西弗勒斯·斯内普的尖酸刻薄霍格沃茨皆知,但是比起其他人避之不及的态度,她倒觉得自己院长很有个性,并且他不仅对魔药造诣颇深,很多人忽略了他运用修辞已经炉火纯青,比如——
“弗莱彻小姐,如果你再盯着我看,下一步要加的魔药就不是蟾蜍眼珠子,而是你的。”斯内普教授冷冷地一挥魔杖,她被迫扭过头,盯着自己的《中级魔药制作》看。
她向来觉得斯内普是一个嘴硬心软的角色。
比如三年级时,她的魔药终于差到了人神共愤的程度。她抱着坩埚走进教室,所有人都像她带了两磅粪蛋似的,没有人做她的搭档。她就这么一个人,孤零零地被分到离讲台最近的位置,一抬头就能看见斯内普黑亮的头发。
她甚至发现了个规律,斯内普会固定在一个月的某几天洗头。其实大部分时候,他的头发远没有大家嘲笑的那么油,只是很少有人能钻到他的鹰钩鼻底下仔细看到。
而她不幸成为了这个人。
没了同桌力挽狂澜,她当然做不出什么好东西。在连续三次被打了“T”之后,斯内普终于忍不住在下课后叫住了她。
“弗莱彻小姐,”他说,“以后每个星期六下午,都来我办公室补习。”
他站起来,“砰”得一声,甩下一本有她拳头那么厚的魔药大全,扬起来的灰尘让她不断咳嗽:“可是——咳咳,星期六下午可能会有魁地奇比赛呢,教授!”

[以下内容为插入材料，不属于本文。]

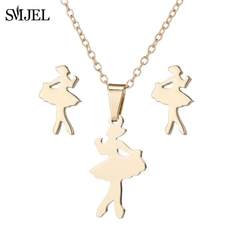 Женские серьги танцующие балерины, модные ожерелья-балерины золотог...

“魔药做得那么差,有资格去看魁地奇吗?”他阴沉地像是要把她嚼碎了,“我不允许我带领的斯莱特林,竟然有人魔药可能不及格。”
“下星期开始,就在我的办公室里。”
于是,她开始固定出现在这间昏暗的地窖中。
而她的水平让她在这里待了两年。
“弗莱彻小姐,我有时候真的很好奇,你完全看不懂英语吗?”斯内普只是瞥了一眼她的魔药,就明确知道她哪一步出错了,指向课本上的“顺时针搅拌2周”。
“你为什么要逆时针搅拌?”
为什么?当然是因为她需要引来他的目光。
她是什么时候发现,自己对斯内普滋长出了奇怪又暧昧的情愫呢?
当他只是略施小计,就挽救了一锅无可救药的魔药的时候。
当她发现,自己竟然可耻又可笑地喜欢听他的挖苦、理解他的幽默,甚至偶尔心里莞尔一笑的时候。

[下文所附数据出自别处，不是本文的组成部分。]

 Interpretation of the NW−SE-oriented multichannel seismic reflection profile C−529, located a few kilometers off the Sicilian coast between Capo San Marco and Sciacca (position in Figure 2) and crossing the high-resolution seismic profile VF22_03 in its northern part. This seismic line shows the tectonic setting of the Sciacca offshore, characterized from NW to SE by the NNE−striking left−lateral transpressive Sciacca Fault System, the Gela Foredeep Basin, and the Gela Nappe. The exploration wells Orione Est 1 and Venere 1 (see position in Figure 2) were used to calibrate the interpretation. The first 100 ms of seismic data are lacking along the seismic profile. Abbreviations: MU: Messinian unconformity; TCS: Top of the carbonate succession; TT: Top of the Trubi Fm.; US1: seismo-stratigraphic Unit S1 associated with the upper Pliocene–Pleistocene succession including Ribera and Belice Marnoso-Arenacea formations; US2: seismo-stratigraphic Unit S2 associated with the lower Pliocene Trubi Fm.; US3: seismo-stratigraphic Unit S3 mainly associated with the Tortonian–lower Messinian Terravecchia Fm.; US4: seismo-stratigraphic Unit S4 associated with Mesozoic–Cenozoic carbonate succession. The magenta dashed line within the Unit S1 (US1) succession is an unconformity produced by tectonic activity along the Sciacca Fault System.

当她花尽力气,煮出完美的安睡魔药,却依然得不到他一句夸奖,只听到他说“你之后可以不用来了”的时候。
她竟然想留在这里。
想在这个暗无天日的地窖里,扯住这只蝙蝠的尾巴,恳求他再多看一眼自己。
是因为毫无缘由的好胜心?可耻的征服欲?纯粹的慕强?还是因为低自尊而忽略他对自己的挖苦?她不知道,正如谁都说不准爱情发生的要件一样。她解析,劝说,躲避自己可能的情感,但爱神时不时拍拍她的肩膀,她无法克制地回头,想要看看爱神为自己准备的好东西,却只得到痛苦,纠结和浮想联翩。
喜欢自己的教授也许不太光彩,但是喜欢一个有魅力的成年巫师简直天经地义,更何况他没有妻子或爱人。斯莱特林学院内部都怀疑,他将自己的灵魂卖给了梅林,换来和魔药双宿双飞。
于是瑞秋没花多久就说服了自己,而她剩下的唯一一个问题,就是如何让斯内普也爱上自己。
至少,对她特别一些吧。
于是她故意将顺时针看成逆时针,两分钟看成二十分钟,看错计量单位,将自己的成绩恰好卡在及格的边缘。
其实她早就可以完成任何O.W.L.s考到的魔药了。为了让斯内普刮目相看,她在休息室中汗流浃背地度过很多个周末。她能按照配方做出任何魔药,但这种水平是无法让他高看自己一眼的。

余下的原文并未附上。